> What you have to do
Copy exactly the lines starting at the one that contains "現地では、この頭文字をとって" and running through the end of the material below. Exclude any pictures.

(Data supplied Opens)

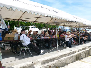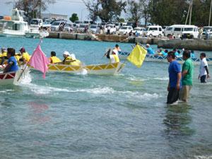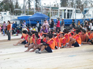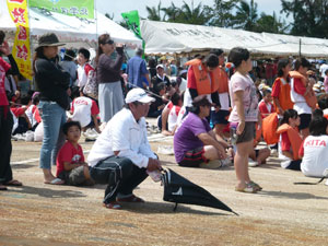 この日は小学生の児童をはじめ、青壮年の多くが海の行事に沸き返った。通常、のんびりと過ごしていいる漁港近くの街並みはこの日ばかりは一転、一年に一回の海の行事をあって朝から酒盛りの準備に大忙し。この日は正月でも朝からはお酒をたしまない人でも気分は盛り上がり、ハーリーが終わると
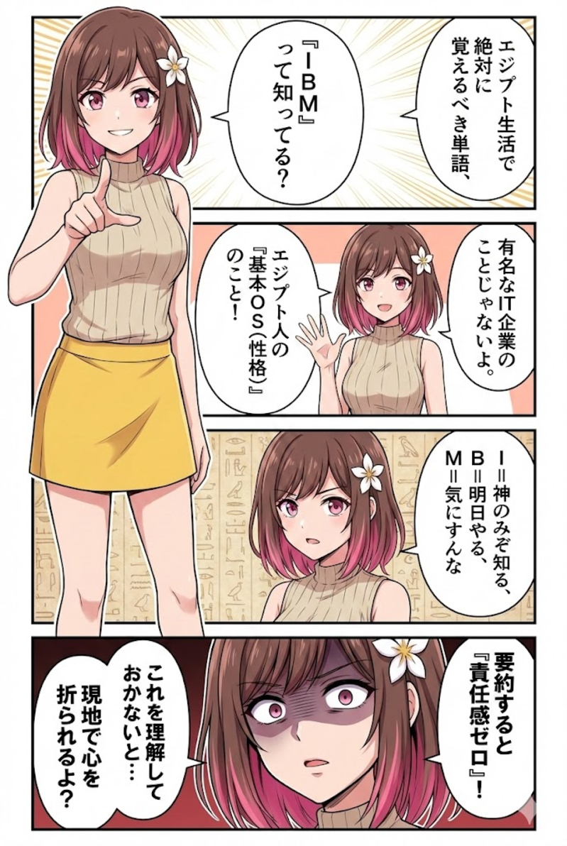 現地では、この頭文字をとって皮肉を込めて「エジプトのIBM」と呼ばれています。これを理解するだけで、エジプトで感じるストレスの半分は原因がわかってスッキリしますよ。
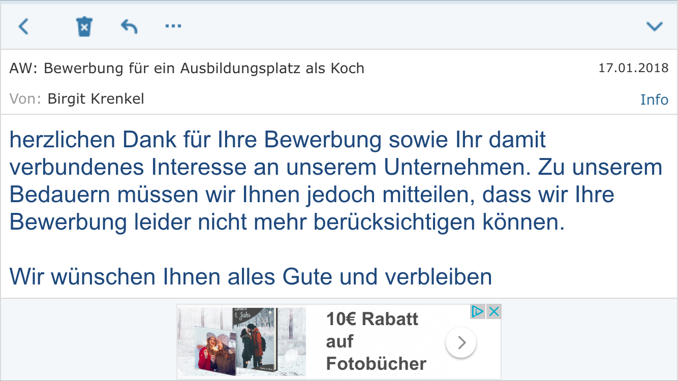 Ist Das Eine Ablehnung Vom Betrieb Ausbildung Bewerbung
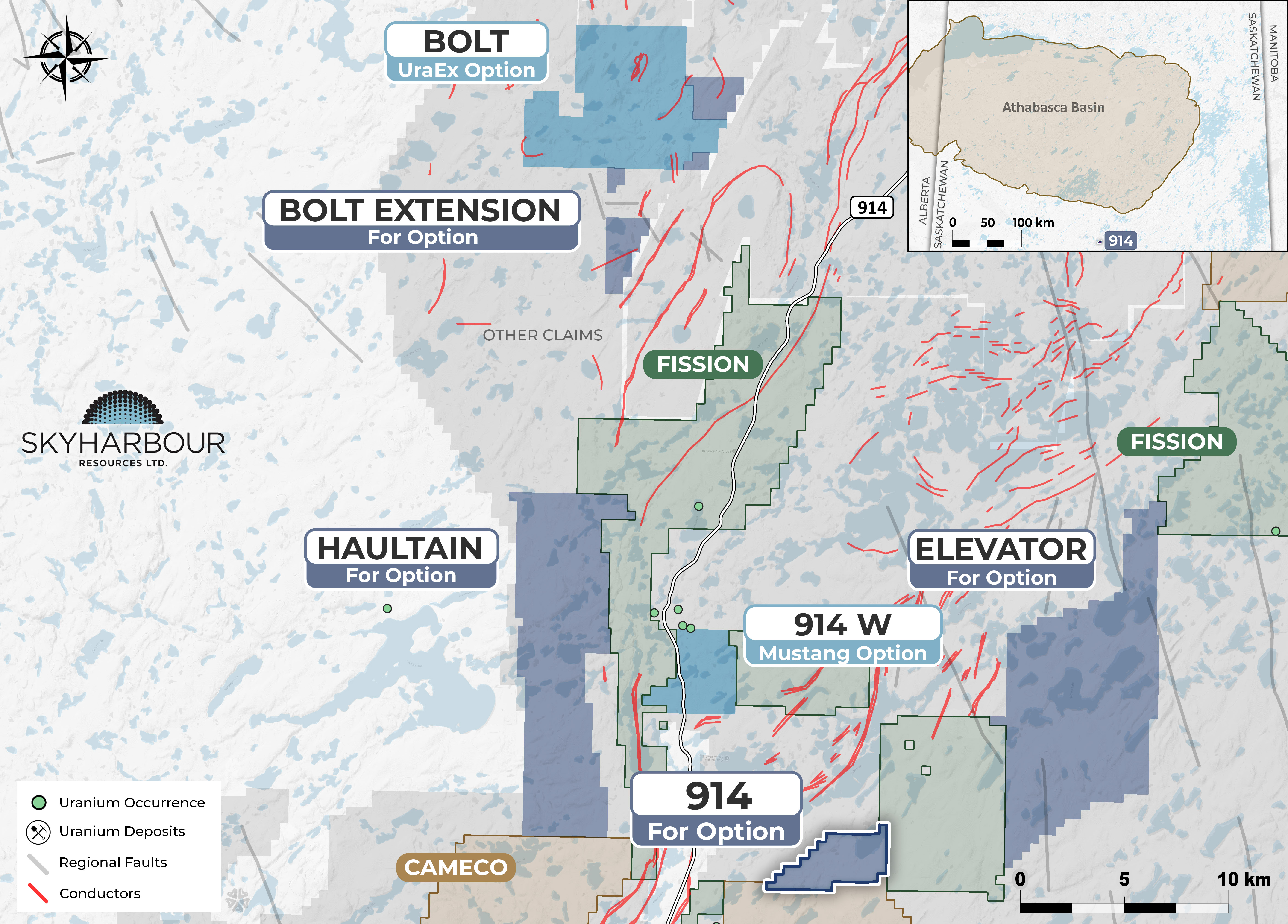 The 914 and Elevator projects consist of five recently re-staked, non-contiguous claims totalling 9,145 hectares, located 35 to 55 km south of Cameco’s Key Lake Operation. Both projects lie near Provincial Highway 914, providing access to southern Saskatchewan. The 914 Project, comprising three claims totalling 1,133 hectares, is situated 1 km east of the highway, while the Elevator Project, with two claims totalling 8,012 hectares, lies 15 km east.
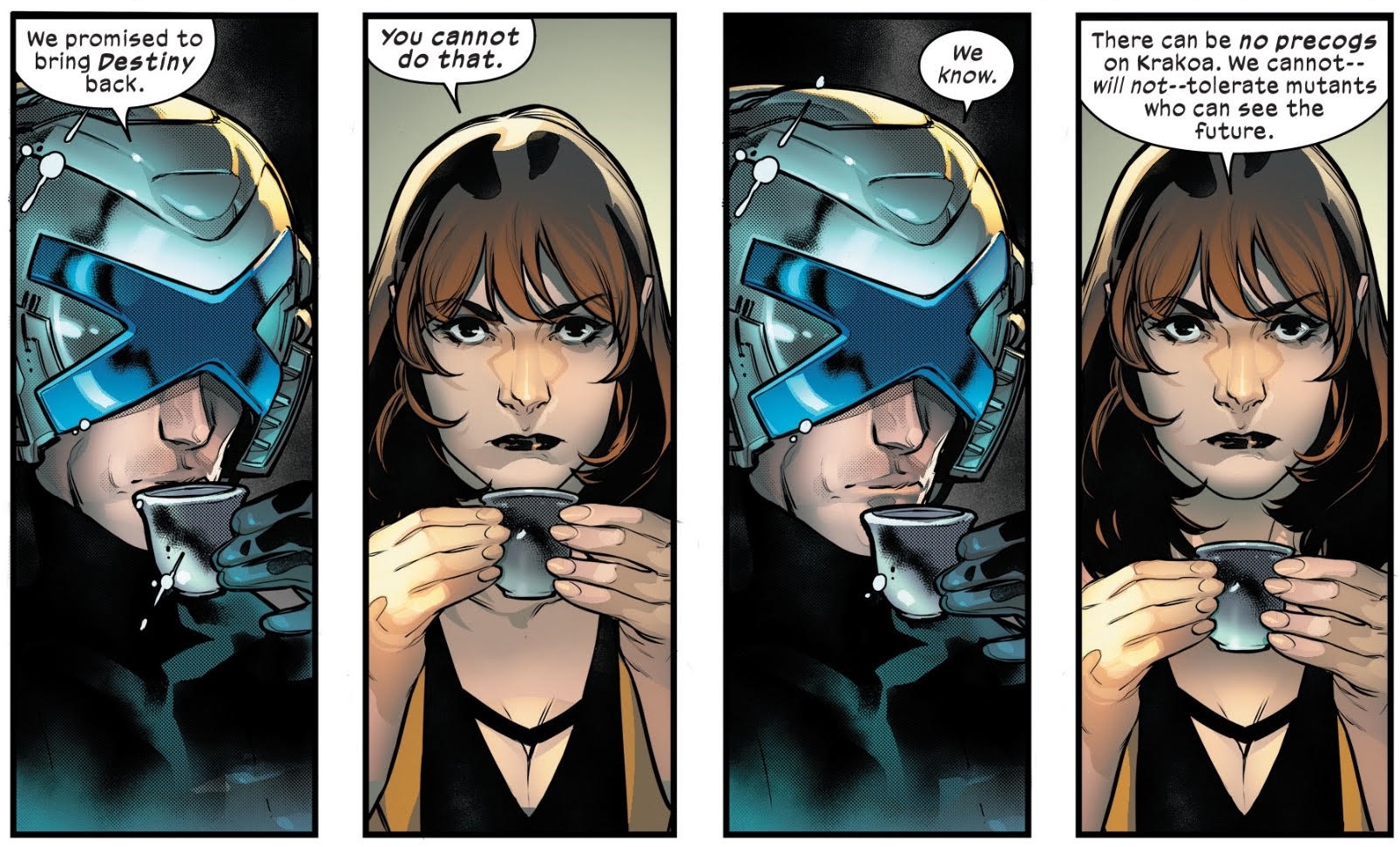 In Powers Of X we have been observing four separate timezones. X0, around the time that Professor Xavier decides to create what would become the X-Men. X1, the present day with Krakoa established as a new base for mutant kind. X2 as a dystopian hundred years in the future, revealed as Moira's past life, her ninth life, as she had been preserved to keep the timeline in existence. And killed by Wolverine to restart the timeline again.
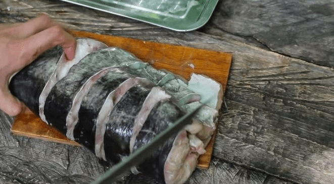 Для приготовления лучше взять не крупного молодого сома . Его необходимо промыть, удалить лишнюю влагу,после отрезать голову, плавники и хвост. Все обрезки, можно использовать для приготовления ухи. Далее нужно нарезать тушку на стейки.
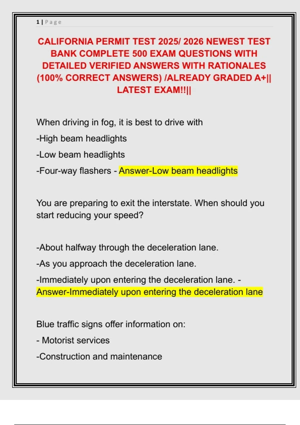 CALIFORNIA PERMIT TEST 2025/ 2026 NEWEST TEST

(Data supplied Closes)

> Result for this task
 現地では、この頭文字をとって皮肉を込めて「エジプトのIBM」と呼ばれています。これを理解するだけで、エジプトで感じるストレスの半分は原因がわかってスッキリしますよ。
 Ist Das Eine Ablehnung Vom Betrieb Ausbildung Bewerbung
 The 914 and Elevator projects consist of five recently re-staked, non-contiguous claims totalling 9,145 hectares, located 35 to 55 km south of Cameco’s Key Lake Operation. Both projects lie near Provincial Highway 914, providing access to southern Saskatchewan. The 914 Project, comprising three claims totalling 1,133 hectares, is situated 1 km east of the highway, while the Elevator Project, with two claims totalling 8,012 hectares, lies 15 km east.
 In Powers Of X we have been observing four separate timezones. X0, around the time that Professor Xavier decides to create what would become the X-Men. X1, the present day with Krakoa established as a new base for mutant kind. X2 as a dystopian hundred years in the future, revealed as Moira's past life, her ninth life, as she had been preserved to keep the timeline in existence. And killed by Wolverine to restart the timeline again.
 Для приготовления лучше взять не крупного молодого сома . Его необходимо промыть, удалить лишнюю влагу,после отрезать голову, плавники и хвост. Все обрезки, можно использовать для приготовления ухи. Далее нужно нарезать тушку на стейки.
 CALIFORNIA PERMIT TEST 2025/ 2026 NEWEST TEST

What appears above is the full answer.